#### WHAT YOU WILL DO
Would you please repeat, word for word, only the lines from the one holding "Вилка угловая с" through the one holding "3 Lamps Verlana" in the material below, without the pictures?

BEGIN TASK MATERIAL

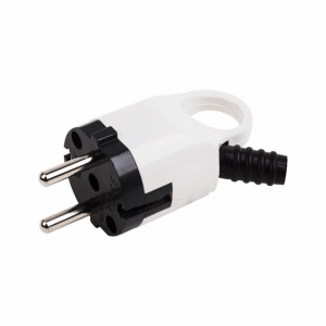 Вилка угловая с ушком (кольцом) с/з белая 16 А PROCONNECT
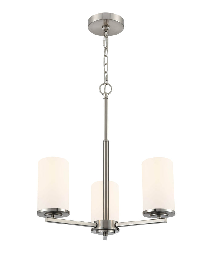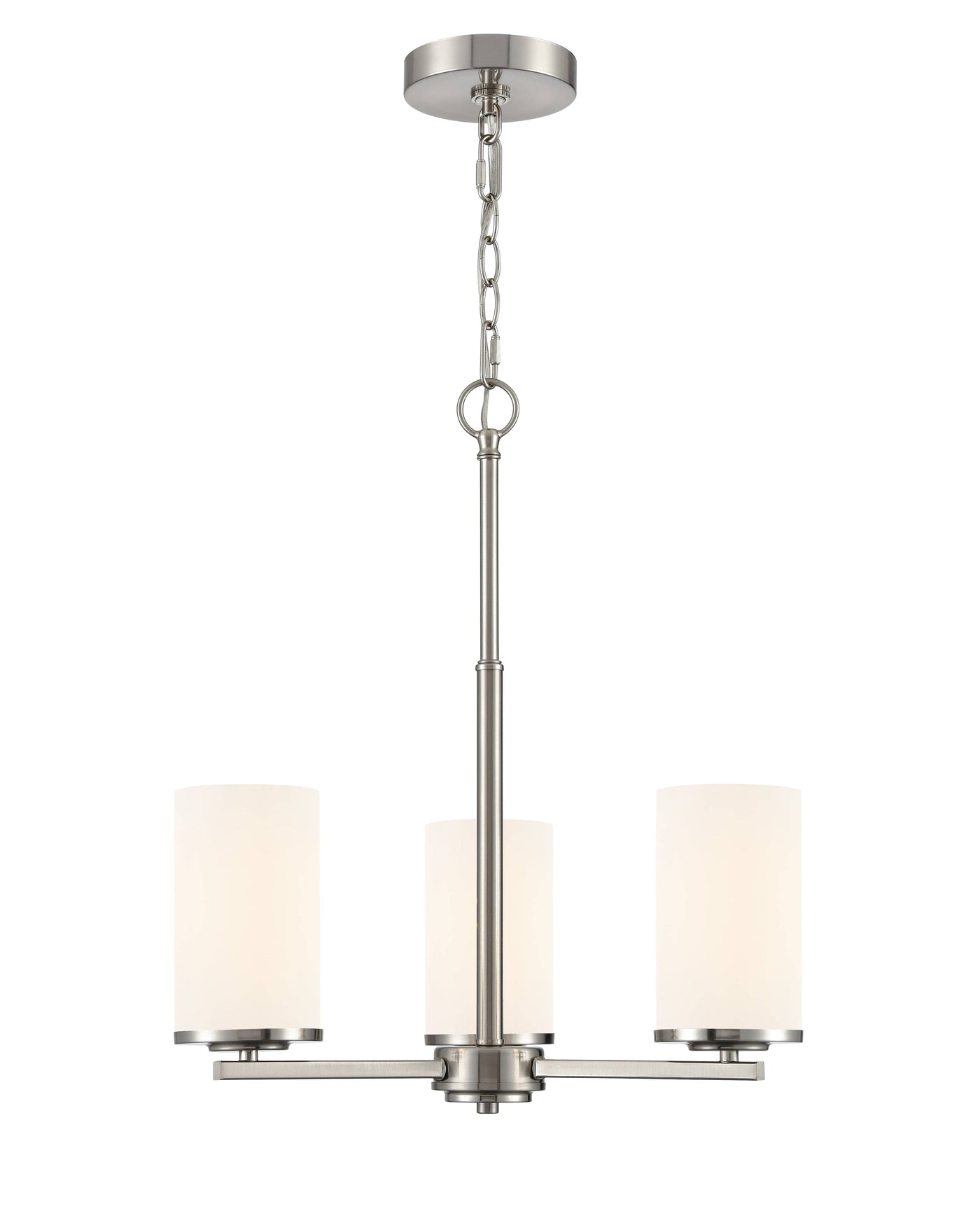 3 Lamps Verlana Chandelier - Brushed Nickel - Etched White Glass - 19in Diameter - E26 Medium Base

END TASK MATERIAL
BEGIN TASK MATERIAL

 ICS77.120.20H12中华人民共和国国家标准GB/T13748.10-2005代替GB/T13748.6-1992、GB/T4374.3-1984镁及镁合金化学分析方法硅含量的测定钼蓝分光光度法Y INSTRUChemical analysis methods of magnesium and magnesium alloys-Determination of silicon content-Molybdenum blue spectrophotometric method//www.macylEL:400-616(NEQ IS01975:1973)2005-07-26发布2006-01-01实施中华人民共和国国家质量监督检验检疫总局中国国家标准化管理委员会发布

END TASK MATERIAL
BEGIN TASK MATERIAL

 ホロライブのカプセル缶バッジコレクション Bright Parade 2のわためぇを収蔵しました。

END TASK MATERIAL

#### WRITTEN REPLY
 Вилка угловая с ушком (кольцом) с/з белая 16 А PROCONNECT
 3 Lamps Verlana Chandelier - Brushed Nickel - Etched White Glass - 19in Diameter - E26 Medium Base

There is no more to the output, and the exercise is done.